Conference Mapping Thermal Footprints: Occupancy Estimation and Localization in Diverse Indoor Settings with Thermal Arrays
Soumya R Sahoo and Haroon R Lone
In Proceedings of the 7th ACM SIGCAS/SIGCHI Conference on Computing and Sustainable Societies (COMPASS), 2024
Estimating and locating occupants indoors is crucial for automating operations within buildings. However, current privacy-preserving occupancy estimation systems using thermal cameras have not been thoroughly evaluated in dense settings, such as classrooms or movie theaters, where occupants sit close to one another. Estimating occupancy in such settings presents challenges, as nearby occupants often lead to clusters of thermal signatures, thereby affecting the accuracy of the estimation.

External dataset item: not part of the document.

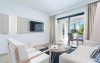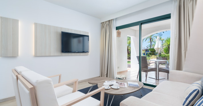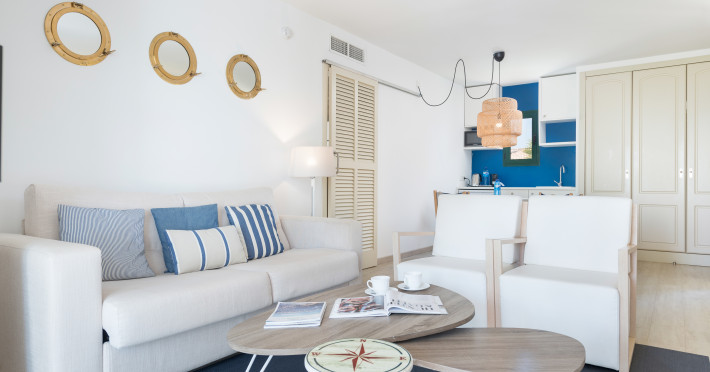 About 50 m from a public sandy beach is located the aparthotel Botel Alcudiamar. The nearest restaurants and bars can be found within 100 m. The old town is around 3 km away. The nearest shops you can reach within around 500 m. There is a 24h shuttle service between the hotel and the airport (for a fee) 24h a day. The beach is awarded a blue flag. Here, there are cushions for a fee available. Near the beach there is a promenade where you can go for a stroll. The air-conditioned hotel is equipped with a 24h reception (check-in is possible around the clock), Wi-Fi, internet access, a lift, a jacuzzi, showers and changing rooms, a first aid kit, parking spaces (limited and for a fee) as well as a TV lounge with satellite TV. In the outdoor area you will find a garden as well as a supervised pool, where sun loungers, sun umbrellas and pool towels are available for free. Furthermore, you can relax outdoors on a terrace. Inside the hotel you can use a heated indoor pool. You can store your valuables in the safe (extra fee), and your luggage in the hotel`s storage room. In addition, the hotel Botel Alcudiamar is video-monitored 24h a day. For your entertainment, the hotel offers a library/reading room. For very young guests, cots can also be provided. There is also a laundry service. For your comfort, in addition to the concierge service the hotel page will ensure you are looked after. If necessary, you can contact the medical centre at any time (for a fee). The energy supply is 220 Volts. If you want to explore the holiday region, you can use the car and motorbike rental service close to the hotel (extra fee). In addition, the hotel sells tickets for excursions. In your hotel, a lot of focus is placed on sustainability. This includes the hotel`s own recycling bins, the provision of soap and shampoo dispensers and environmentally-friendly cleaning. That is why the hotel Botel Alcudiamar was also awarded a sustainability certificate. Euro/Master Card and Visa are accepted as means of payment. Due to its barrier-free facilities , such as barrier-free entrances, wheelchair accessible rooms, a wheelchair accessible lift and wheelchair-accessible bathrooms, the hotel is also suitable for wheelchair users. Catering As catering services the hotel offers half board and breakfast only. Breakfast is offered from the buffet. Dinner is also served as a buffet (extras on request). Half board includes breakfast and dinner. For the meals, there are a restaurant with terrace (gluten-free dishes) and a bar as well as the cafeteria. The drinks menu of the hotel includes water, soft drinks, coffee and tea, beer, wine and 24h international alcoholic beverages. Appropriate clothing is required for lunch and dinner. Distances

In response to these challenges, our work proposes Machine Learning (ML) and Deep Learning (DL) based methods for occupancy estimation and localization, both in dense and sparse settings. The ML method complements existing occupancy estimation techniques by incorporating new manual features, while the DL method performs automatic feature extraction, accurate occupancy estimation and localization. Remarkably, the results demonstrate a significant enhancement in occupancy estimation accuracy of up to 10%, achieving an impressive overall accuracy rate of 97%. Moreover, our evaluation on an edge device confirms the practicality and relevance of the proposed methods in real-world applications.